D’autre part, il ne ressort pas des pièces du dossier que la mère de Mme F... et de M. A... B..., qui avaient moins de dix-neuf ans à la date de la demande de visa présentée par leur père, serait déchue de l’autorité parentale ou que celle-ci aurait été confiée à M. B... G... en exécution d’une décision de justice. Par suite, les moyens tirés de ce que la commission de recours contre les décisions de refus de visa d’entrée en France, en rejetant le recours dont elle a été saisie aurait méconnu les dispositions des articles L. 561-2 et L. 434-3 du code de l’entrée et du séjour des étrangers et du droit d’asile ou en aurait fait une inexacte application doivent être écartés.

En dernier lieu, aux termes de l’article 8 de la convention européenne de sauvegarde des droits de l'homme et des libertés fondamentales : « Toute personne a droit au respect de sa vie privée et familiale (…). Il ne peut y avoir ingérence d'une autorité publique dans l'exercice de ce droit que pour autant que cette ingérence est prévue par la loi et qu'elle constitue une mesure qui, dans une société démocratique, est nécessaire à la sécurité nationale, à la sûreté publique, au bien-être économique du pays, à la défense de l'ordre et à la prévention des infractions pénales, à la protection de la santé ou de la morale, ou à la protection des droits et libertés d'autrui ».

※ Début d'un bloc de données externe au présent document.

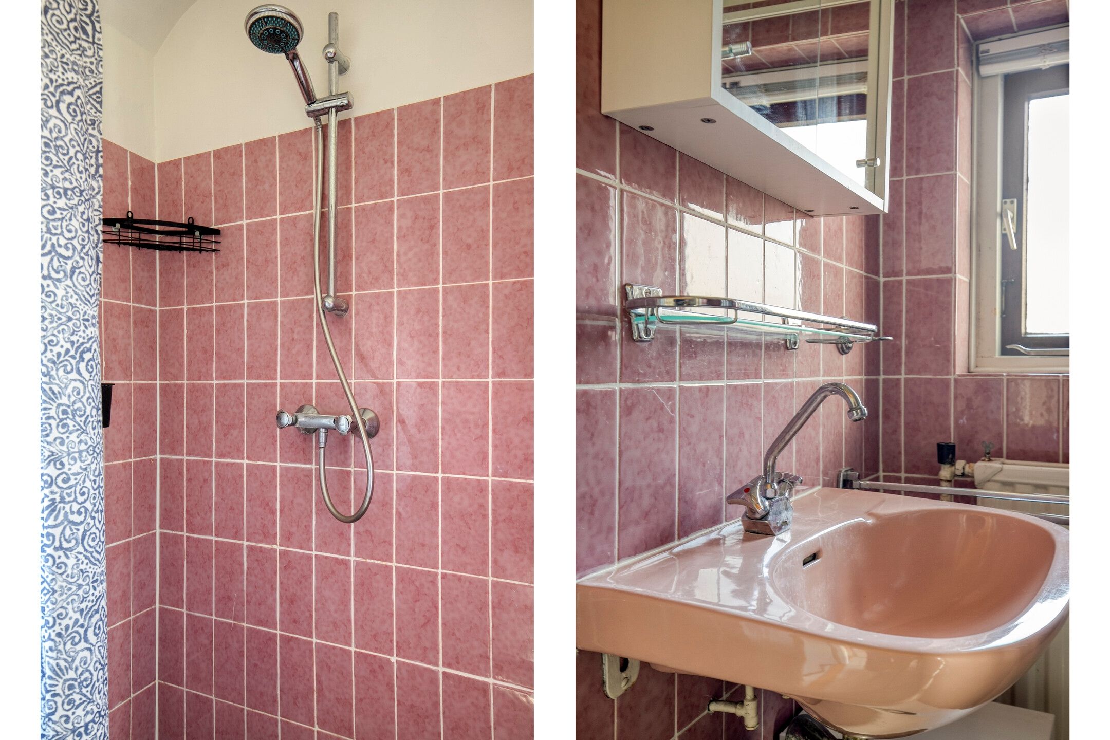 De compacte badkamer beschikt over een inloopdouche en wastafel.

En se bornant à soutenir que la décision attaquée méconnaît les stipulations de l’article 8 de la convention européenne de sauvegarde des droits de l’homme et des libertés fondamentales, sans produire aucun élément de nature à démontrer la continuité et l’intensité des liens qui les uniraient à M. B... G... depuis son arrivée en France, les requérants ne sont pas fondés à soutenir que la décision attaquée porterait une atteinte disproportionnée à leur droit au respect de la vie privée et familiale.

Il résulte de ce qui précède, sans qu’il soit besoin de statuer sur la substitution de motif demandée en défense, que la requête de M. B... G..., Mme F... et M. E... doit être rejetée en toutes ses conclusions, y compris celles à fin d’injonction sous astreinte et celles présentées sur le fondement de l’article L. 761-1 du code de justice administrative.

D E C I D E :

Article 1er : La requête de M. B... G..., Mme F... et M. E... est rejetée.

Article 2 : Le présent jugement sera notifié à M. D... B... G..., Mme F... et M. E... et au ministre d’Etat, ministre de l’intérieur.


Délibéré après l’audience du 9 septembre 2023, à laquelle siégeaient :
M. Berthon, président,
Mme Moreno, conseillère,
Mme Raoul, conseillère.


Rendu public par mise à disposition au greffe le 30 septembre 2025.


La rapporteure,




C. RAOUL


Le président,




E. BERTHON
La greffière,




S. FOURNIER

La République mande et ordonne au ministre d’Etat, ministre de l’intérieur en ce qui le concerne ou à tous commissaires de justice à ce requis en ce qui concerne les voies de droit commun contre les parties privées, de pourvoir à l’exécution de la présente décision.